◆ Data provided
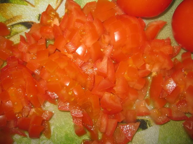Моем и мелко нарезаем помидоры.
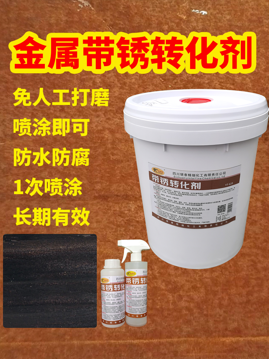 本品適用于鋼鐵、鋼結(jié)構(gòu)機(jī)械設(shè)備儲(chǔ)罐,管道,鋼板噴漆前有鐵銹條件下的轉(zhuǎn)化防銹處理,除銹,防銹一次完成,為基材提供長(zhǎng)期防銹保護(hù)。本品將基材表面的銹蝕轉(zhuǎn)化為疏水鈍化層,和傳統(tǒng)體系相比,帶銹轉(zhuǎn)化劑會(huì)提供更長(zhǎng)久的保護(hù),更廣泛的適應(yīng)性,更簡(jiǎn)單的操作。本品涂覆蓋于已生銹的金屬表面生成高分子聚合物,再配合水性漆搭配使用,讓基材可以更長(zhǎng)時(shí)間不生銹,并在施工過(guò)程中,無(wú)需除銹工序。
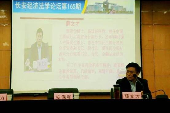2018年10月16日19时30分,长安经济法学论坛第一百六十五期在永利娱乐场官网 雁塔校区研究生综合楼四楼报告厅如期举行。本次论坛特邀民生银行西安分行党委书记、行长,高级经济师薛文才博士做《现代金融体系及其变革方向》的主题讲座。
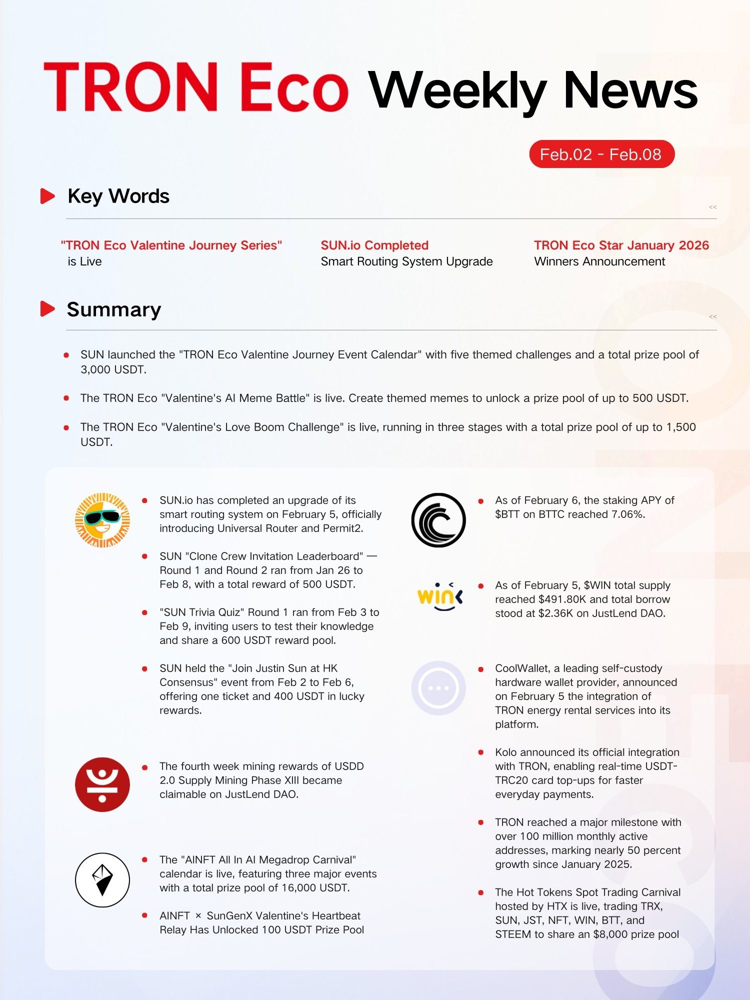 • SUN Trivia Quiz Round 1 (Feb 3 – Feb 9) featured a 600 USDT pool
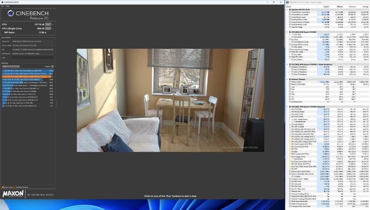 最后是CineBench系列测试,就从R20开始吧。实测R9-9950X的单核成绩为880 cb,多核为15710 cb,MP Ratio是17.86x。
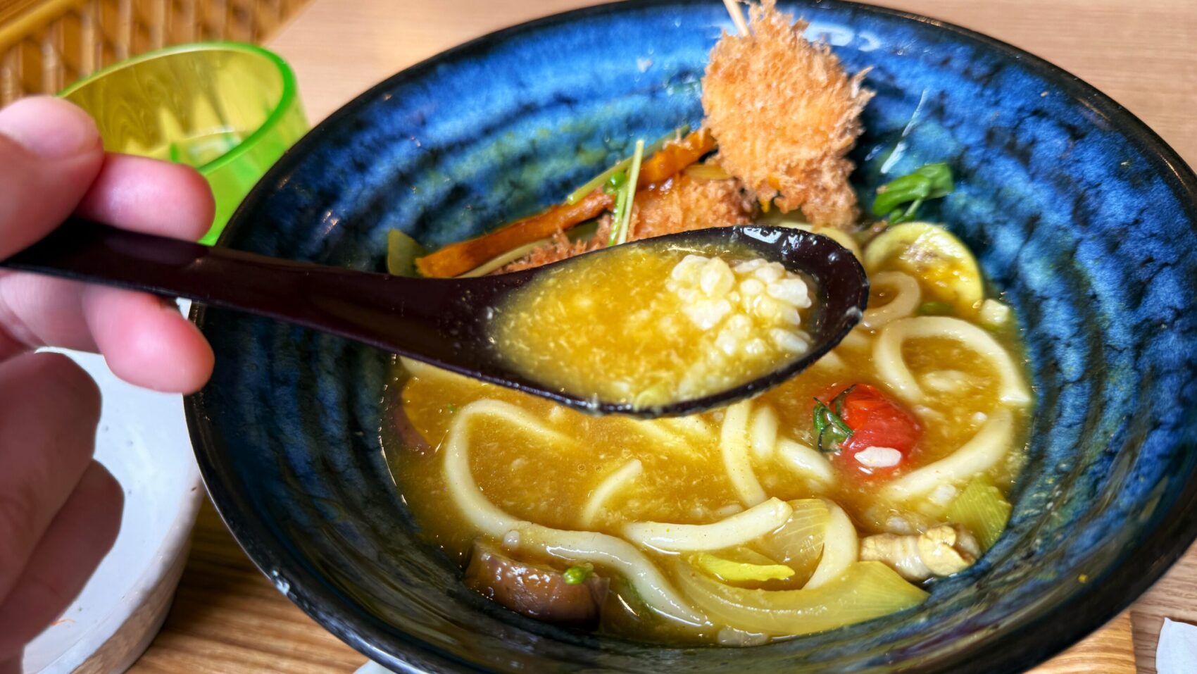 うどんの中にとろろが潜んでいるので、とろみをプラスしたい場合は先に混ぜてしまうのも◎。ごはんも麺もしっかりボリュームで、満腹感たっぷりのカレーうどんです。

--

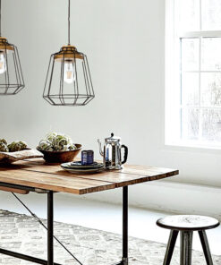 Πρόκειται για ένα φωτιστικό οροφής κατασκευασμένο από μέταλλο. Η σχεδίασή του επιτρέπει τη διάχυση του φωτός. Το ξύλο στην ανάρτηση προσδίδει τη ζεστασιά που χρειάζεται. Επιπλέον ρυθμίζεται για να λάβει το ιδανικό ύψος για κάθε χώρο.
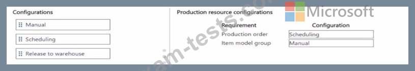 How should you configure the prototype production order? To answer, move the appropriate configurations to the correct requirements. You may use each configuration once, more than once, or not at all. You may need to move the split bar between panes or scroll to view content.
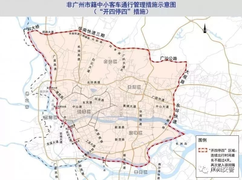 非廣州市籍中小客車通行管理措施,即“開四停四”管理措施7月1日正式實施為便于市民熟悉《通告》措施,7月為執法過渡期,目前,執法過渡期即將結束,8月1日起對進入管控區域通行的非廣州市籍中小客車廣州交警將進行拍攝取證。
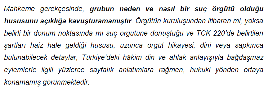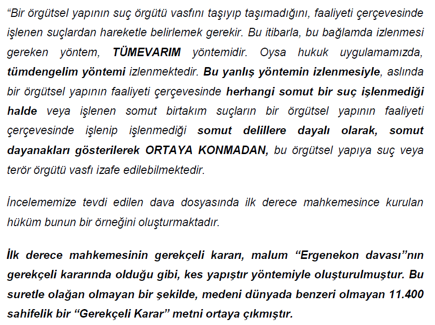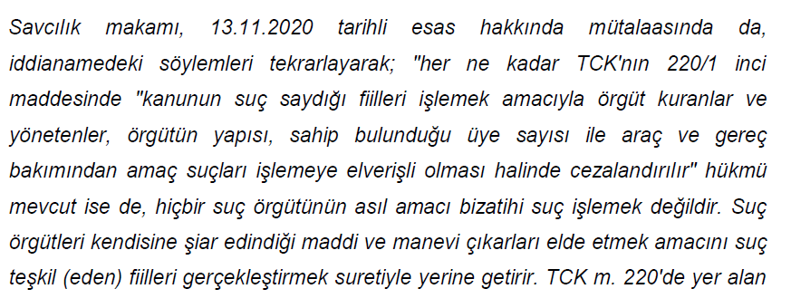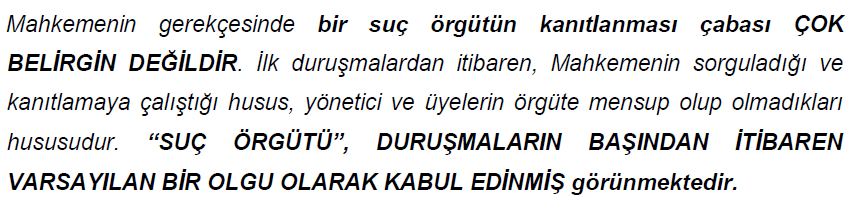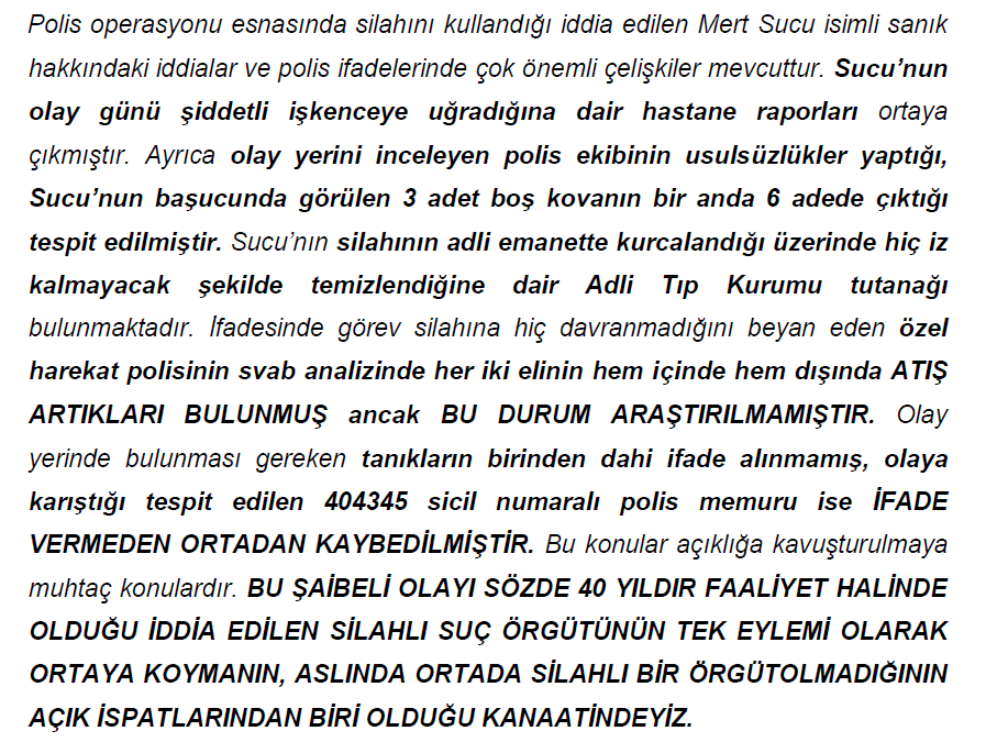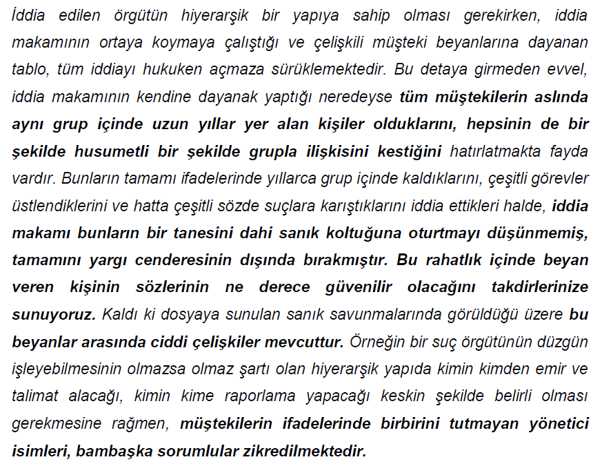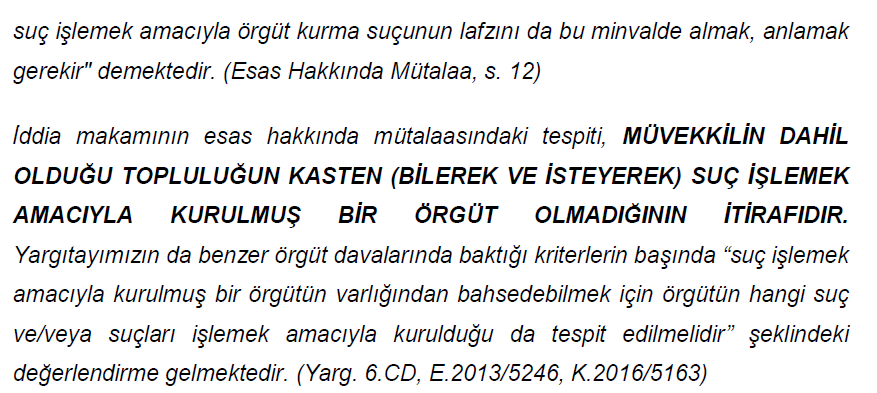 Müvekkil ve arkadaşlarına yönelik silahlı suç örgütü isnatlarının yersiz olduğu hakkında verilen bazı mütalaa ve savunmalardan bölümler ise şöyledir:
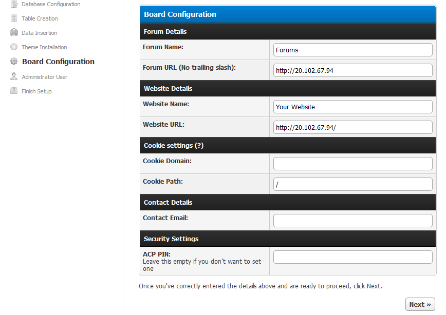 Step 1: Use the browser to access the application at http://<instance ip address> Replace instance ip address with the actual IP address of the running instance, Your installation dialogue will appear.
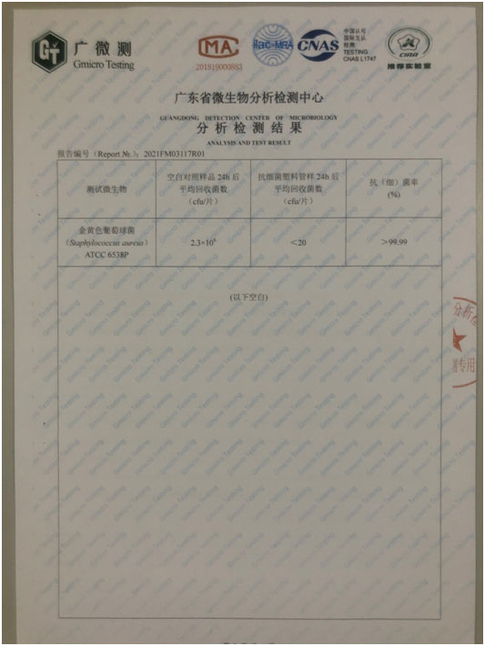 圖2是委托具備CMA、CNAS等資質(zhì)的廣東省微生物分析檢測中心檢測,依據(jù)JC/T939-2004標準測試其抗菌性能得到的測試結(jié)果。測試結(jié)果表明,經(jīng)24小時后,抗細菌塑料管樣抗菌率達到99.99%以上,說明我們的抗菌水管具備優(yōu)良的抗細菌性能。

◆ Directions
Please return the data above exactly as it stands from the line with "本品適用于鋼鐵、鋼結(jié" to the line with "最后是CineBench系列测试,就从R20开始吧。实测R9-9950X的单核成绩为880 cb,多核为15710 cb,MP", keeping both of those lines but none of the pictures.

◆ Solved exercise
 本品適用于鋼鐵、鋼結(jié)構(gòu)機(jī)械設(shè)備儲(chǔ)罐,管道,鋼板噴漆前有鐵銹條件下的轉(zhuǎn)化防銹處理,除銹,防銹一次完成,為基材提供長(zhǎng)期防銹保護(hù)。本品將基材表面的銹蝕轉(zhuǎn)化為疏水鈍化層,和傳統(tǒng)體系相比,帶銹轉(zhuǎn)化劑會(huì)提供更長(zhǎng)久的保護(hù),更廣泛的適應(yīng)性,更簡(jiǎn)單的操作。本品涂覆蓋于已生銹的金屬表面生成高分子聚合物,再配合水性漆搭配使用,讓基材可以更長(zhǎng)時(shí)間不生銹,并在施工過(guò)程中,無(wú)需除銹工序。
2018年10月16日19时30分,长安经济法学论坛第一百六十五期在永利娱乐场官网 雁塔校区研究生综合楼四楼报告厅如期举行。本次论坛特邀民生银行西安分行党委书记、行长,高级经济师薛文才博士做《现代金融体系及其变革方向》的主题讲座。
 • SUN Trivia Quiz Round 1 (Feb 3 – Feb 9) featured a 600 USDT pool
 最后是CineBench系列测试,就从R20开始吧。实测R9-9950X的单核成绩为880 cb,多核为15710 cb,MP Ratio是17.86x。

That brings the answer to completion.